:: EXCERPTED DATA ::

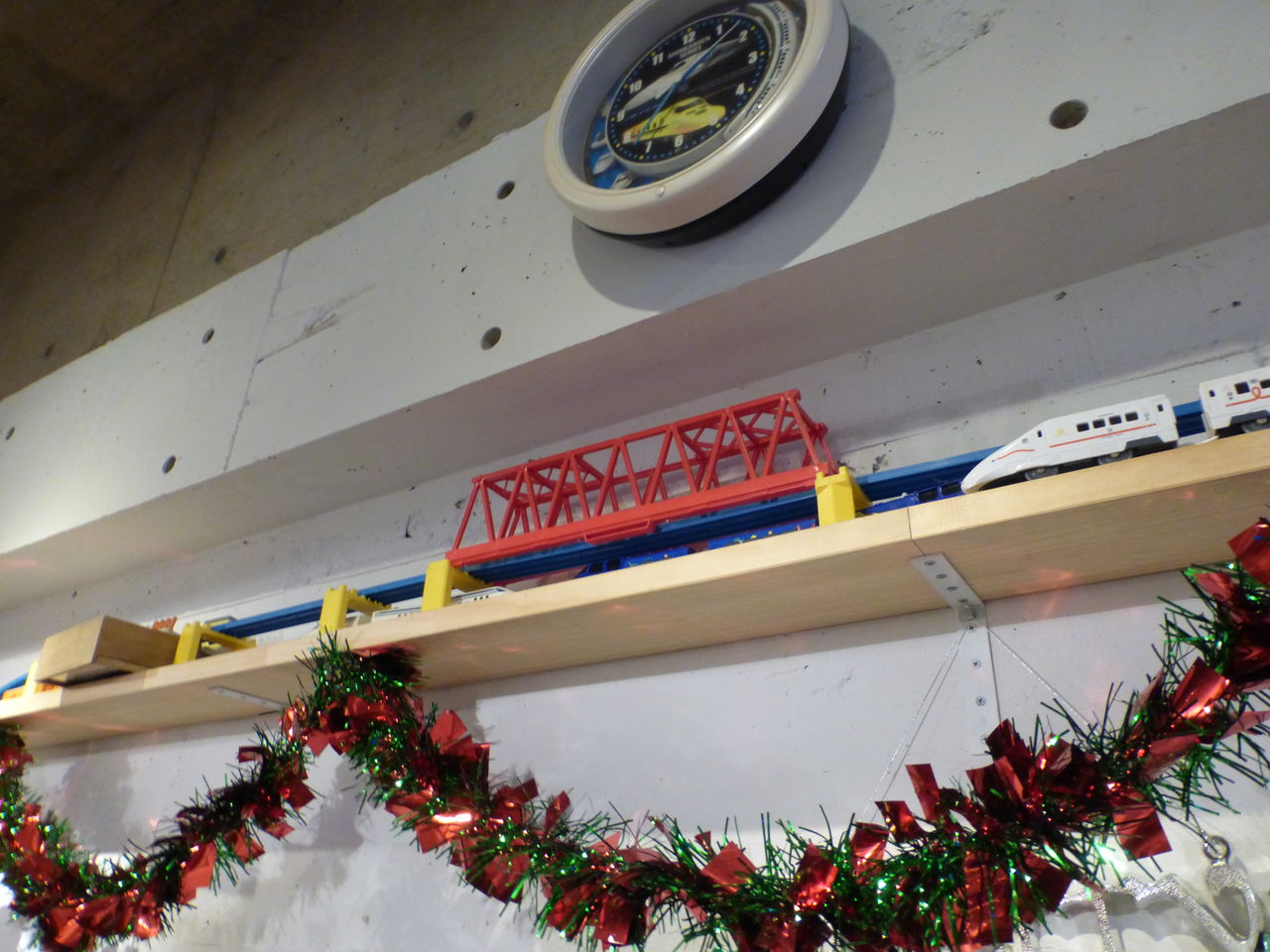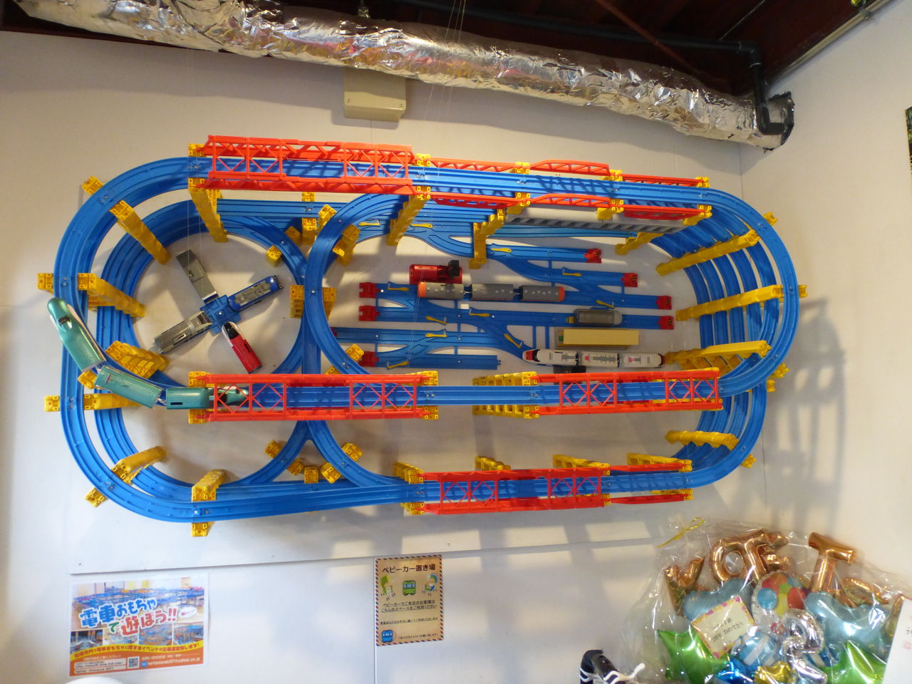 外の玄関口で順番を待っていることにしましょう。そこにはなんと垂直に立てかけられたプラレールのレイアウトが!この発想には脱帽…!ちなみに糸で吊ってあるみたいです。
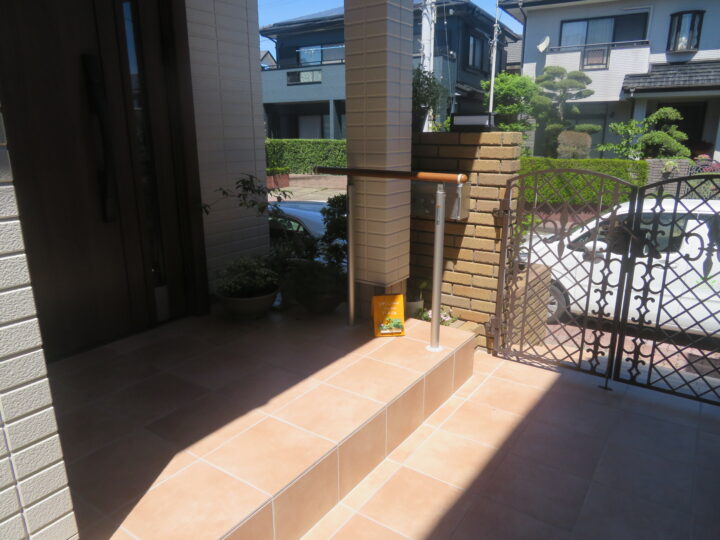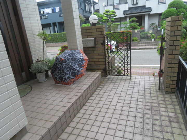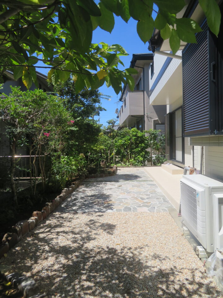 奥側には、縦格子のフェンスでお隣様の窓が、見え隠れしています
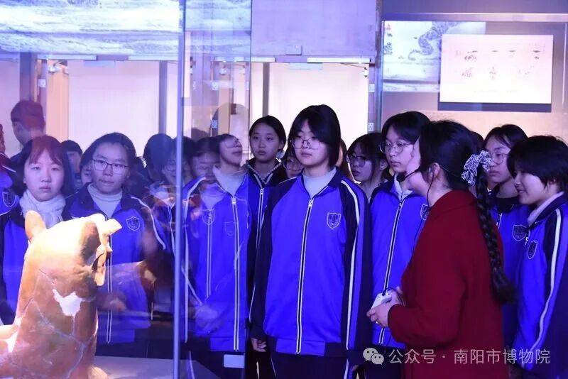 启动仪式后,研学实践环节正式开启。在博物院讲解员的带领下,师生及家长代表们有序走进场馆,近距离感受历史文化的魅力。大家驻足于珍贵文物前,聆听讲解员生动详实的讲解,在一件件承载着岁月印记的文物中,探寻南阳历史的脉络,感受地域文化的深厚底蕴。
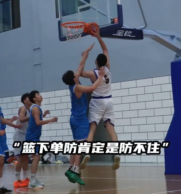 這個角度可以看到於善元的手掌有多大,他在籃下面對防守時直接起來就隔扣,單臂隔扣,這孩子天賦的確是國內最頂級的水準,遼籃簽下他絕對不會錯。
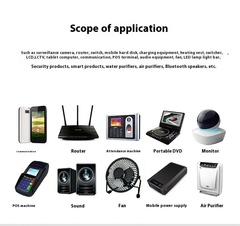 1. All use imported electronic components, and the circuit board has overvoltage, overcurrent, and short-circuit protection functions;
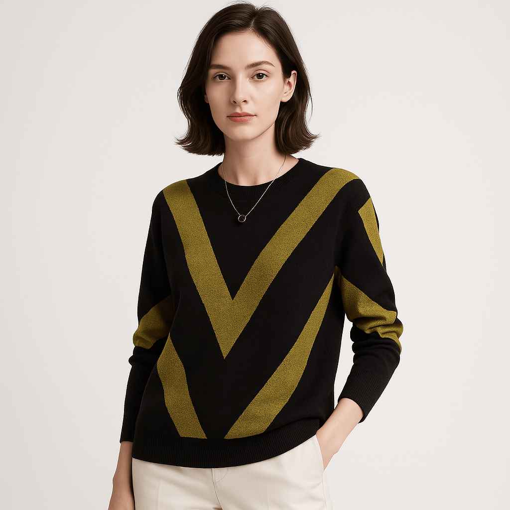 Pull Col Rond Motif V | Tricot Doux | Look Graphique Casual
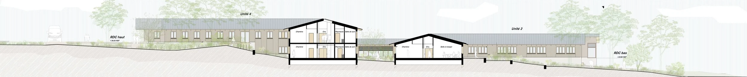 L’aménagement extérieur suit le mouvement du bâtiment, réparti sur deux niveaux de rez-de-chaussée pour s’adapter au dénivelé important. La moitié nord forme un plateau au niveau du RDC haut, tandis que la partie sud descend progressivement depuis le RDC bas pour rejoindre la topographie existante. Des talus viennent en outre assurer un apport de lumière naturelle et des vues sur le paysage pour les chambres du rez-de-chaussée exposées au nord. La voie à l’est reste inchangée, à l’exception d’une rampe aménagée pour l’accès des ambulances.
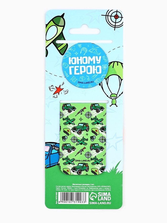 Магнитные закладки для книг, 2 шт. «Юному герою»

:::

● **PROBLEM TO WORK ON**
Word for word, set down the lines from the line with "奥側には、縦格子のフェンスでお隣様の窓が、見え隠れしています" through the last line of the entries, and nothing else; the pictures stay out.

● **TASK SOLUTION**
 奥側には、縦格子のフェンスでお隣様の窓が、見え隠れしています
 启动仪式后,研学实践环节正式开启。在博物院讲解员的带领下,师生及家长代表们有序走进场馆,近距离感受历史文化的魅力。大家驻足于珍贵文物前,聆听讲解员生动详实的讲解,在一件件承载着岁月印记的文物中,探寻南阳历史的脉络,感受地域文化的深厚底蕴。
 這個角度可以看到於善元的手掌有多大,他在籃下面對防守時直接起來就隔扣,單臂隔扣,這孩子天賦的確是國內最頂級的水準,遼籃簽下他絕對不會錯。
 1. All use imported electronic components, and the circuit board has overvoltage, overcurrent, and short-circuit protection functions;
 Pull Col Rond Motif V | Tricot Doux | Look Graphique Casual
 L’aménagement extérieur suit le mouvement du bâtiment, réparti sur deux niveaux de rez-de-chaussée pour s’adapter au dénivelé important. La moitié nord forme un plateau au niveau du RDC haut, tandis que la partie sud descend progressivement depuis le RDC bas pour rejoindre la topographie existante. Des talus viennent en outre assurer un apport de lumière naturelle et des vues sur le paysage pour les chambres du rez-de-chaussée exposées au nord. La voie à l’est reste inchangée, à l’exception d’une rampe aménagée pour l’accès des ambulances.
 Магнитные закладки для книг, 2 шт. «Юному герою»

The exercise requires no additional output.